1 Augmented Reality System 101 Fitting Room Terminal 107,406 LCD
109,410 Camera 110 Clothing 111 RFID tag 112 IC chip 113 Tag antenna 114,409 RFID reader / writer 119,402 CPU
120,403 ROM
121,404 RAM
123,407 Communication interface 300 Communication line 301 Computer 401 Client terminal 701, 1001 Identification unit 702, 1002 Generation unit 703, 1003 Display control unit F1 Product file F2 Product classification file

JP 2007-37078 A

Claims (6)

An imaging means for capturing a moving image;
Identification means for identifying an object included in the captured moving image;
Generating means for generating a composite image obtained by combining the image corresponding to the identified object and the captured moving image;
Display control means for displaying the generated composite image on a display unit;
A video display device comprising:   The identification unit reads the specific information by wireless communication from a tag in which specific information for specifying an object included in the captured moving image is stored and the specific information is read by wireless communication, and the read specific information The video display device according to claim 1, wherein an object specified by the method is identified as an object included in the captured moving image.   The video display device according to claim 1, wherein the generation unit generates the composite image obtained by combining an image corresponding to the object identified by the identification unit at a predetermined position in the captured moving image.   The generating means combines the synthesized image obtained by synthesizing the image corresponding to the identified object at the predetermined position set in advance according to the classification to which the identified object belongs in the captured moving image.

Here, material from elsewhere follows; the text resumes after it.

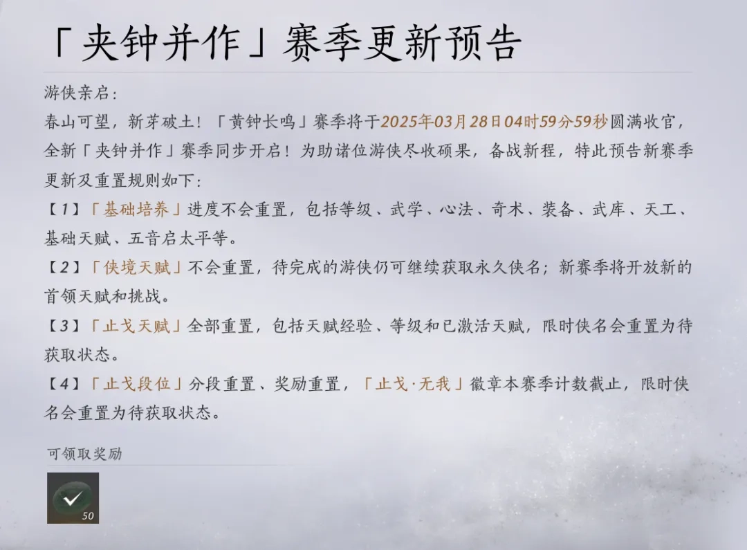 燕云十六声黄钟长鸣赛季将于2025年3月28日4时59分59秒结束,夹钟并作赛季随即开启!涉及玩家养成类的内容通常不会重置,像“一剑可当万师不绝版”“我即是江湖”这类称号也能继续使用!新赛季的更新及重置规则具体如下:

The video display device according to claim 3 to be generated.   In the case where a plurality of objects are identified by the identifying means, the generating means displays a plurality of images corresponding to the identified objects according to a predetermined order according to a classification to which the identified objects belong. The video display device according to claim 1, wherein the composite image superimposed on the captured moving image is generated. Computer
Identification means for identifying an object included in the moving image captured by the imaging unit;
Generating means for generating a composite image obtained by combining the image corresponding to the identified object and the captured moving image;
Display control means for displaying the generated composite image on a display unit;
Program to function as.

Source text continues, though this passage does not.